While researching her essay for the upcoming RAM exhibition catalog, Rachel Carren has encountered lots of interesting historical material too detailed for that volume. One example is this story of Marie Segal’s first encounter with polymer and the business which she and her husband Howard started in the early 1980’s. Before the Internet, there was one “go-to” source for information on how to handle polymer. That was the Fimo Factory. When we artists had technical questions about polymer or when we had discovered something new, the recurring refrain was, “Call Marie and Howard.” It would be hard to underestimate the importance of this clearinghouse as a major conduit for information among polymer artist in those early days. Howard explains:
“Marie started playing with polymer clay in 1978, she found it in an
international toy store.
Marie had been working in ceramic clays for awhile at this point. We
first saw it in the Laguna Sawdust festival and she knew it wasn’t a
ceramic clay. Marie loved working with low-fire colorful glazes, so she
was immediately attracted to it. We never got to talk to that artist
even though we went back three times.
We actually started doing business as Marie Segal’s Collectables in
1980. In 1985 We were granted, to use “Fimo” in
our company name. We called it The FIMO Factory. Here is a picture of
Marie and me standing in front of our first store we opened called FIMO
Everything was fine until 1988 when Eberhard Faber came to us and told
us we can no longer use the name Fimo Factory. We then changed our name
to Clay Factory.
In 1982 we changed our production entirely over from bread dough to FIMO.
Previously Marie made only small items using Fimo, pins, earrings and
special pieces exploring the medium.
Immediately, as our customers saw the new look of our gift items the
creative ones asked, “What is that stuff, how do you use it and where can
I get it.”
Of course, I saw the opportunity to make more money which would pay for
the Fimo we used in our production and bring our volume up.
We became a major distributor of Fimo.
Here is a link to a very old hand drawn catalog of finished product we
did. I also wrote some commentary on each page. Its kind of fun to look
at and read.
Marie still did art pieces and we would bring them to the shows, but the
production and wholesale were the ornaments, magnets, figurines and
jewelry. The cute stuff out sold the art 50 to 1.
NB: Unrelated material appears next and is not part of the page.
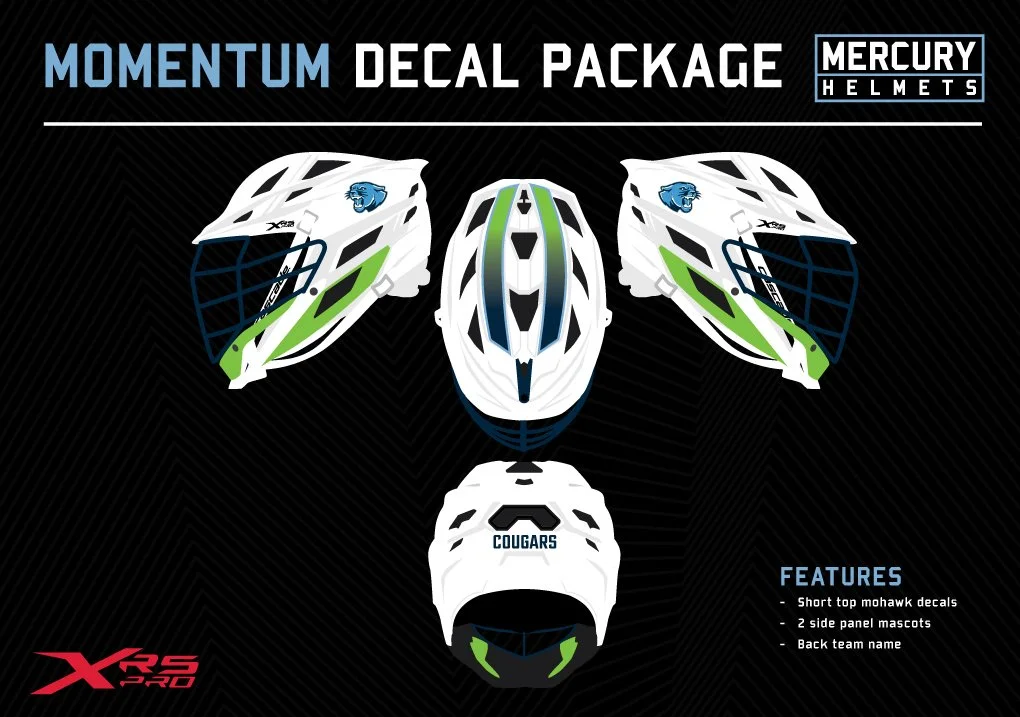 The Momentum Decal Package is a fully custom helmet decal kit designed specifically for the Cascade XRS lacrosse helmet. This package is ideal for programs looking to upgrade their helmets with a clean, professional, and fully customized look.
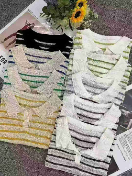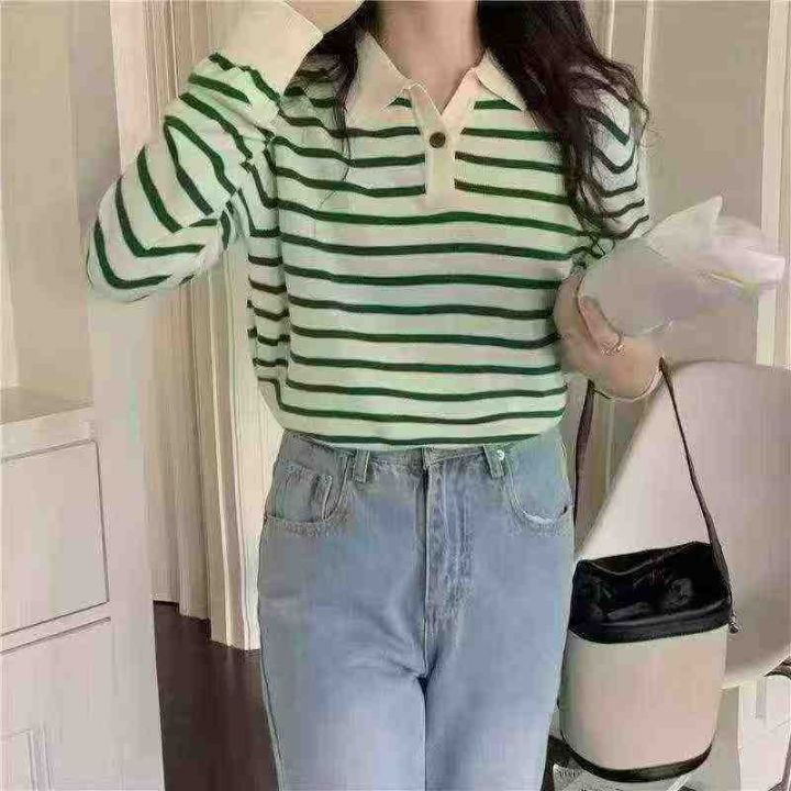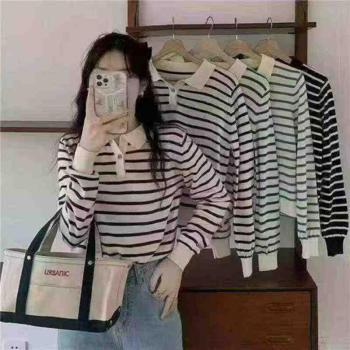 1150件早秋新款韩系宽松高级感撞色条纹百搭POLO领长袖针织毛衣,独立包装,均码面料柔软舒适,宽松款,全清5.8分+1

There was virtually no help anywhere about using the clay. I wrote EFA
in 1984 and asked many questions. I did all the mixing by hand of course. They suggested a pasta machine. They told me to try it and let them know if it worked. I was very glad to figure this out.
In 1986 Lois Tonyan, another artist, told me about using a food processor to grind the
clay up. Yet another one of our customers at that time suggested we use the
caulking gun with the Kemper clay gun to extrude pieces.
No one at the time was using Fimo in the volume we were. We learned a
tremendous amount about the clay, as I am sure you can imagine.
Nothing teaches a medium as well as mass production. We encountered many
things that the “series” or “one of a kind” artist would never see.
We always passed on any information we learned.
The word of mouth got many people in contact with us. We also searched
for people who were using bread dough and helped them convert over to
Fimo. People who took classes from Marie would tell their friends….
then friends of friends of friends and so on.
Not only did we do street shows, we did wholesale trade shows too. We
sold finished gift items, clay and tools.
It would be hard for me to tell you the name of every person who was involved
with us along the “polymer clay” brick road. If they were doing polymer
clay in the 1980’s, they surely had contact with us.
There was a large group of artists in the 80’s. Most never became
famous. They all shared with us and we shared what we learned. Have a
problem? Call us. We were there to help. The more we helped the more
they could make and the more clay they would use.”